This gap underscores the need for contributions from the Quality of Experience (QoE) community, whose expertise in assessing perceived quality, pragmatic, hedonic and increasingly also eudaimonic aspects of users’ experiences, usability and trust could inform both standardisation efforts and AI system design in practice. For example, [Hammer et al., 2018 ] introduced the “HEP cube”, that is a 3D model that maps hedonic (H), eudaimonic (E), and pragmatic (P) aspects of QoE and user experience. For example, utility (P), joy-of-use (H), and meaningfulness (E) are integrated into a multidimensional HEP construct [Egger-Lampl et al., 2019 ]. In professional contexts, long-term experiential quality depends increasingly on eudaimonic factors such as meaning and personal growth of the user’s capabilities.

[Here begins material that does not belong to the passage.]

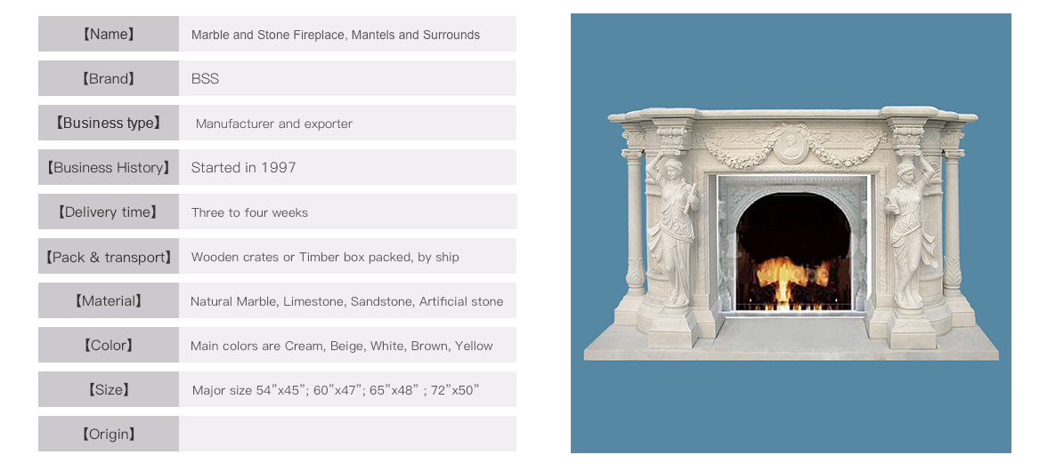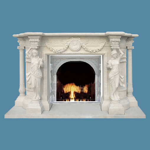 Character: Natural marble / solid with veins / polished / white color.This beautiful marble mantel with statues and patterns is hand-carved in white marble.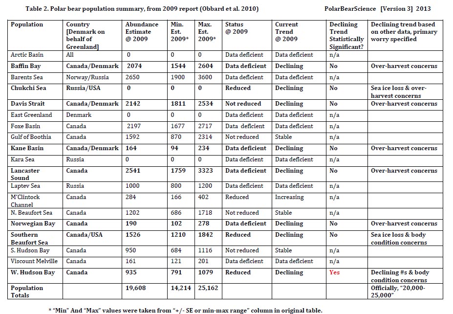 ![Table 2. A simple summary of the data presented in the 2009 report status table (Obbard et al. 2010). Totals and country/countries which manage each subpopulation have been added, future predictions are not included. Not all subpopulation estimates are of equal quality – some are based on aerial surveys or mark-recapture data while others are not. Also, both the “status @ 2009” and “Current trend @2009” columns are subjective assessments (opinions) made by PBSG biologists. The “Min” and “Max” estimates come from the error estimates provided for subpopulation that have aerial surveys or mark-recapture data (“estimate +/- SE or 95% CI”) or, for others, the “min/max range” provided (this varies by population). I only included reasons for a declining trend that was included in the original table. See Fig. 1 below for a map of the subpopulations. Click to enlarge. [this is Version 3 ]](https://polarbearscience.com/wp-content/uploads/2012/10/pb-pop-summary-2009-table-2-version-3.jpg?w=500&h=346)

On the example of augmented reality for the informational phase of procedure assistance, [Hynes et al., 2023 ] take into account pragmatic aspects like clear, accurately aligned AR instructions that reduce cognitive load and support efficient task execution; hedonic and eudaimonic aspects involve engaging, intuitive interactions that not only make the experience pleasant but also foster confidence, competence, and meaningful professional growth. The study confirmed that AR better fulfills users’ pragmatic needs compared to paper-based instructions. However, the hypothesis that AR surpasses paper-based instructions in meeting hedonic needs was rejected. [Oppermann et al., 2024 ] evaluated a VR-based forestry safety training and found improved experiential quality and real-world skill transfer compared to traditional instruction. In addition to hedonic and pragmatic UX, eudaimonic experience was assessed by asking participants whether the training would help them “make me a better forestry worker” and “develop my personal potential”.

3. From benchmark performance to operational reality: the case of facial recognition

The example of remote facial recognition (RFR) for public security clearly illustrates how traditional accuracy-based evaluation fails to capture the real challenges of proportionality, operational viability and public trust that define the true quality of experience of AI in use. Under the EU AI Act, the use of real-time remote biometric identification systems in publicly accessible spaces for law enforcement is prohibited, except in narrowly defined circumstances—such as the prevention of terrorist threats, the search for missing persons or the prosecution of crimes—and always subject to prior authorisation by a competent authority. In these cases, the authority must assess whether the deployment of such a system is necessary and proportionate to the intended purpose.

Both the AI Act and the World Economic Forum emphasise this principle of “proportionality” for face recognition systems [AI Act, 2024 ], [Louradour & Madzou, 2021 ], yet without providing a clear guidance to determine what “proportionate use” actually means. Deciding whether to deploy RFR therefore requires balancing multiple dimensions—technical performance, societal impact and human oversight—beyond mere accuracy scores [Negri et al., 2024 ]. Consider, for instance, a competent authority evaluating whether to deploy an RFR system in airports screening 200 million passengers annually, where the estimated prevalence of genuine threats is roughly one in fifty million. Even with a true positive rate (TPR) and true negative rate (TNR) of 99% (equivalent to 99% sensitivity and specificity), the outcome is paradoxical: nearly all real threats would be detected (≈ 4 per year), but around two million innocent passengers would face unnecessary police interventions. Algorithmically, a 99% performance looks excellent. Operationally, it is unmanageable and counterproductive. Handling millions of false alarms would overwhelm security forces, delay operations, and—most importantly—erode public trust, as citizens repeatedly experience unjustified scrutiny and loss of confidence in authorities.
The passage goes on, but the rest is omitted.